_Exercise goal_
Repeat the listing word for word. No pictures belong in the copy.

_Dataset excerpt_
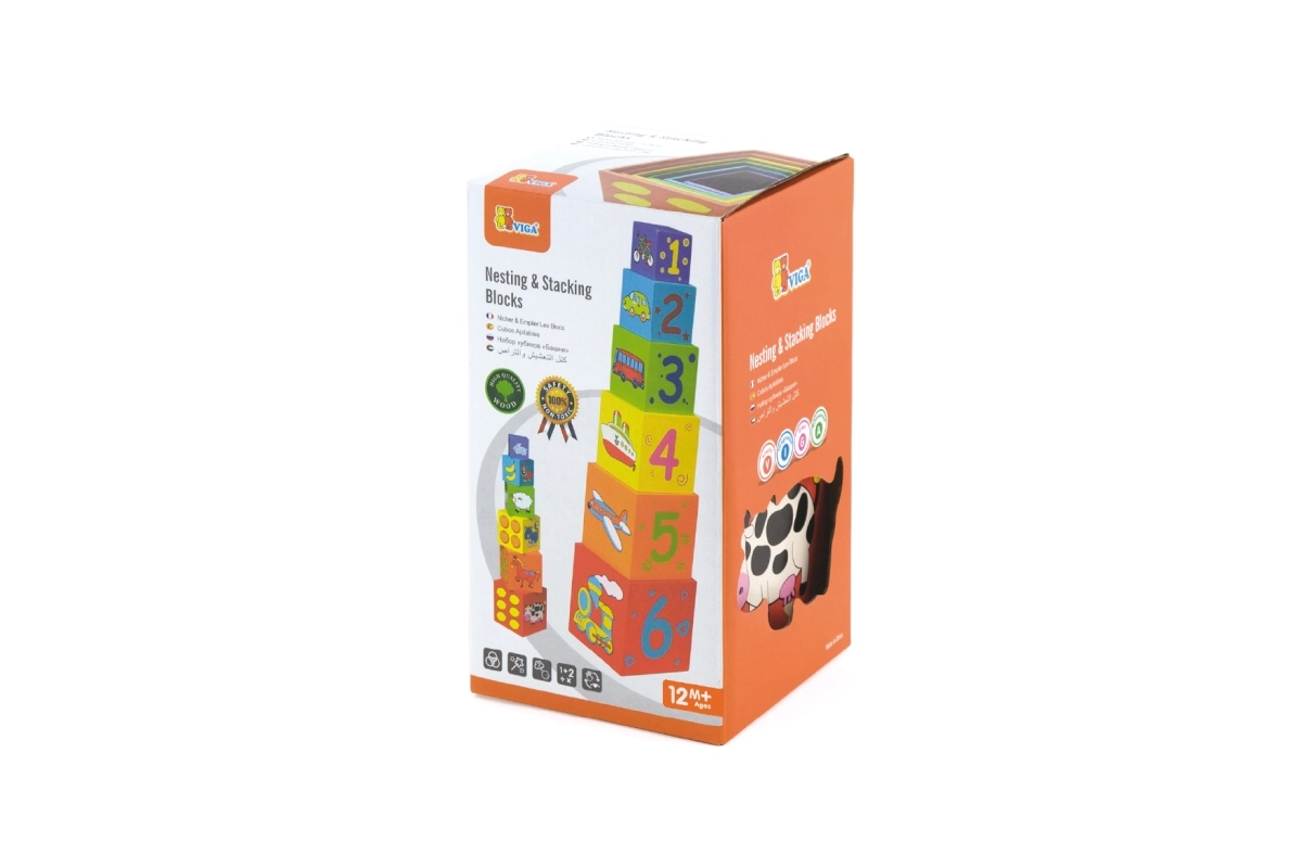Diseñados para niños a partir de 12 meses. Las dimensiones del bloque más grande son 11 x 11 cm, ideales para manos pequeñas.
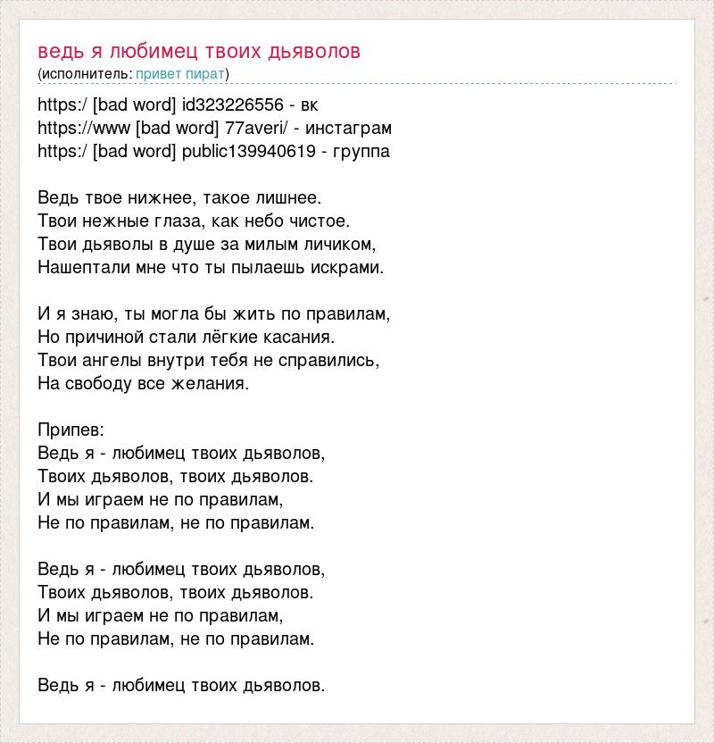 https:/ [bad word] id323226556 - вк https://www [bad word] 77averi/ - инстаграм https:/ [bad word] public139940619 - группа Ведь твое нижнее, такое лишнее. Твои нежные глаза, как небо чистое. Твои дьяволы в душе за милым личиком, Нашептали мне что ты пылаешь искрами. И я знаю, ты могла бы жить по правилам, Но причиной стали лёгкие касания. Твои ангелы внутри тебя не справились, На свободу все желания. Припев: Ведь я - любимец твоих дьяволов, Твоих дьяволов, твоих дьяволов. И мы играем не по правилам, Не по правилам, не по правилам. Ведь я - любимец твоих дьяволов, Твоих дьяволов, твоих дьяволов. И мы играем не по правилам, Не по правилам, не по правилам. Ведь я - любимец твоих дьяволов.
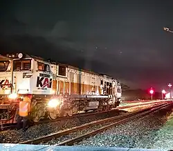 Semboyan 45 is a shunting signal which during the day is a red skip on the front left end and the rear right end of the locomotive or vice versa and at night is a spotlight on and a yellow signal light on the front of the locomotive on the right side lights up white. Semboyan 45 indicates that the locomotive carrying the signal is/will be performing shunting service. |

_Response box_
Diseñados para niños a partir de 12 meses. Las dimensiones del bloque más grande son 11 x 11 cm, ideales para manos pequeñas.
 https:/ [bad word] id323226556 - вк https://www [bad word] 77averi/ - инстаграм https:/ [bad word] public139940619 - группа Ведь твое нижнее, такое лишнее. Твои нежные глаза, как небо чистое. Твои дьяволы в душе за милым личиком, Нашептали мне что ты пылаешь искрами. И я знаю, ты могла бы жить по правилам, Но причиной стали лёгкие касания. Твои ангелы внутри тебя не справились, На свободу все желания. Припев: Ведь я - любимец твоих дьяволов, Твоих дьяволов, твоих дьяволов. И мы играем не по правилам, Не по правилам, не по правилам. Ведь я - любимец твоих дьяволов, Твоих дьяволов, твоих дьяволов. И мы играем не по правилам, Не по правилам, не по правилам. Ведь я - любимец твоих дьяволов.
 Semboyan 45 is a shunting signal which during the day is a red skip on the front left end and the rear right end of the locomotive or vice versa and at night is a spotlight on and a yellow signal light on the front of the locomotive on the right side lights up white. Semboyan 45 indicates that the locomotive carrying the signal is/will be performing shunting service. |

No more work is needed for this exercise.